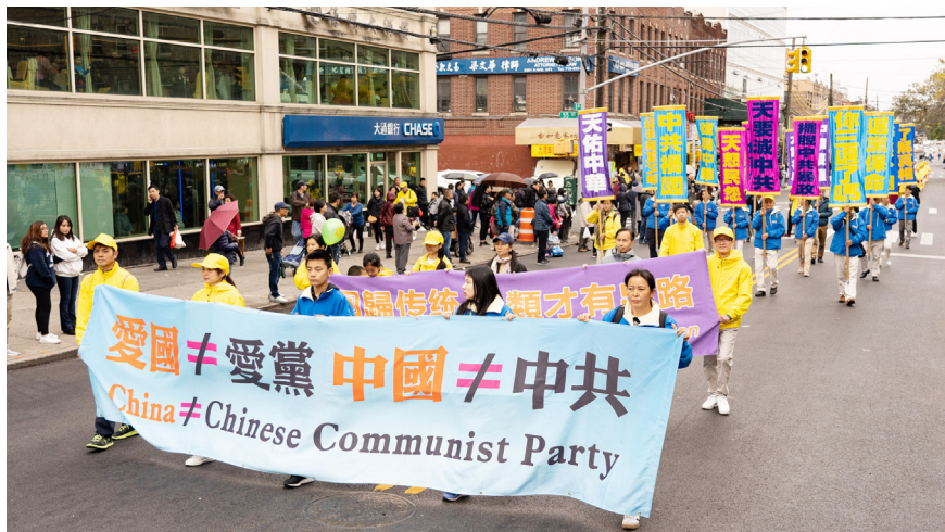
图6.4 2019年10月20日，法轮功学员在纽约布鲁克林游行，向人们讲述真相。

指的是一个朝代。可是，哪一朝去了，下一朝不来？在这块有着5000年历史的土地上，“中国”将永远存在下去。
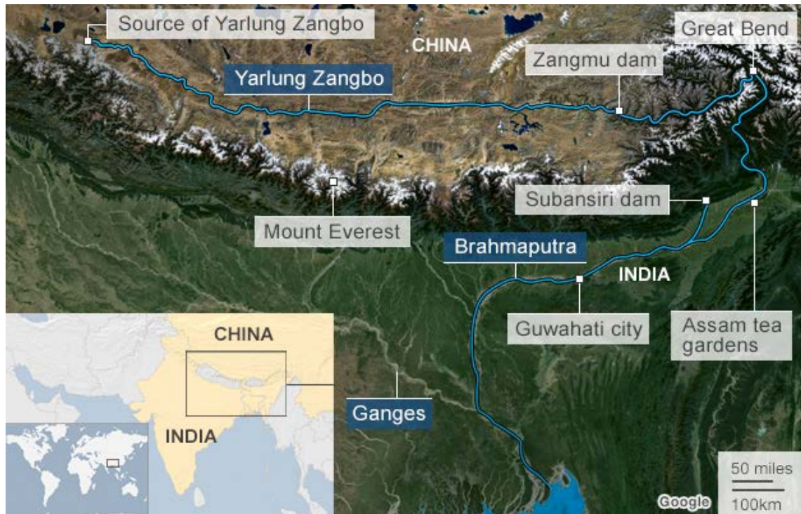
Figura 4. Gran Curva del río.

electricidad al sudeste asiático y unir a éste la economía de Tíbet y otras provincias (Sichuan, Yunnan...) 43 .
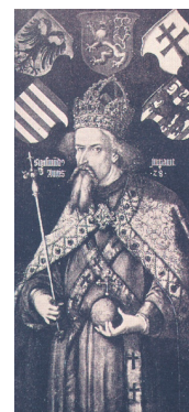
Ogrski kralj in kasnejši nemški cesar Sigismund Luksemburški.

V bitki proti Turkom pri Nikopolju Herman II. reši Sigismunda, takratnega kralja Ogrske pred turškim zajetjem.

• What you have to do:
The whole listing above is to be printed again exactly; pictures stay out of it.

• Answer to the problem:
图6.4 2019年10月20日，法轮功学员在纽约布鲁克林游行，向人们讲述真相。

指的是一个朝代。可是，哪一朝去了，下一朝不来？在这块有着5000年历史的土地上，“中国”将永远存在下去。
Figura 4. Gran Curva del río.

electricidad al sudeste asiático y unir a éste la economía de Tíbet y otras provincias (Sichuan, Yunnan...) 43 .
Ogrski kralj in kasnejši nemški cesar Sigismund Luksemburški.

V bitki proti Turkom pri Nikopolju Herman II. reši Sigismunda, takratnega kralja Ogrske pred turškim zajetjem.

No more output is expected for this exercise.